# Weighted Random Selection

Posted by JH

## Random Selection Based on Weights

Q1: How to uniformly random-select a number from an array A?
Follow-up: If an additional array F is given, where F[i] is the frequency of occurrence for A[i], how to randomly select a number from A based on the frequency? The probability of A[i] being chosen should be greater if F[i] is larger.

e.g.
A = [A1, A2, A3]
F = [0, 5, 15]

P(A1 chosen) = 0%
P(A2 chosen) = 25%
P(A3 chosen) = 75%

## Solution

Two-pass solution:
The probability of each A[i] gets selected is
F[i] / sum(F , F, ..., F[n - 1])

Let SUM be sum(F , F, ..., F[n - 1]), randomly generate a number X between 0 to SUM - 1.
For the given example,
if X falls between [0, 0), choose A1;
if X falls between [0, 5), choose A2;
if X falls between [5, 20), choose A3;

The solution needs to know SUM beforehand to generate the random number, so the first pass is needed to get the SUM.

Greedy single-pass solution:
An optimal way is to build up the selection incrementally.

Iterate i through 0 to N - 1.
At the ith step, we only worry about whether A[i] is chosen or not.
If A[i] is chosen, set chosen number C = A[i].
Otherwise, keep the number chosen before.

To decide whether or not to choose A[i], up to the current step i, the total frequency of all the numbers before A[i], is SUM(F[0: i -1]), which represents the weight of A[i] not being chosen, while the weight of A[i] being chosen is F[i].

Therefore,
P(A[i] not chosen) = SUM(F[0: i - 1]) / SUM(F[0: i])
P(A[i] chosen) = F[i] / SUM(F[0: i])

Generate a random number between 0 and SUM(F[0: i]), if it falls in 0 to SUM(F[0: i - 1]), keep whatever has been chosen from before.

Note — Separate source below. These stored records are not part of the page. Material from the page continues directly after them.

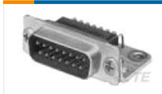
TE 系列/零件编号5747022-2 25 PLUG RA/MS STD (SL)
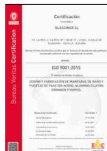
ISO 9001:2015 Sistema de gestión de la calidad
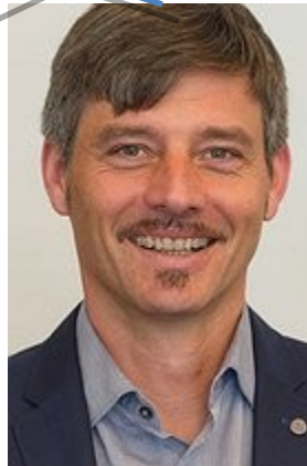
Aribio Asam P-Verantwortung
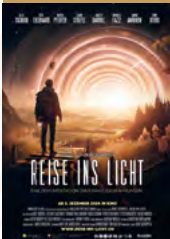
Reise ins Licht
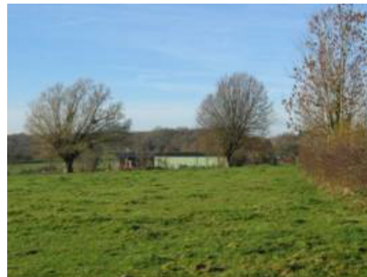
Prairie permanente et arbres têtards
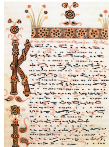
Χειρόγραφο με τη θεωρία της βυζαντινής μουσικής (Ι.Μ. Παντοκράτορος, Άγιον Όρος, 15ος αι.).

Ο Ρωμανός θεωρείται ως ο μεγαλύτερος ποιητής της βυζαντινής περιόδου. Έγραψε περίπου 1.000 κοντάκια , αλλά έχουν σωθεί μόνο τα 335. Το εξαιρετικό έργο του αναγνωρίστηκε γρήγορα και ο Ρωμανός βρέθηκε να υπηρετεί σε σημαντική θέση μέσα στην Εκκλησία της Κωνσταντινούπολης. Αργότερα, έγινε αυλικός ποιητής του Ιουστινιανού και τιμήθηκε με τον τίτλο του «Κυρίου», ο οποίος απονεμόταν μόνο σε μεγάλης αξίας εκκλησιαστικά πρόσωπα. Τα κείμενα και οι ύμνοι του στολίζουν με το περιεχόμενο και τη μελωδία τους πολλά λειτουργικά βιβλία της Εκκλησίας μας.

Otherwise it falls in SUM(F[0: i - 1]) to SUM(F[0: i]), choose A[i].

No worries about whatever is after i at the moment, since the greedy solution only solves the subproblem up to the current i.

# Variants

There are a few variants of this problem that the same model will apply.
Randomly select a point in a bunch of rectangles. (Here the frequency is like the areas of rectangles)
Solution: Randomly select a rectangle based on the areas. Then it will be easy to get a random point from the one selected.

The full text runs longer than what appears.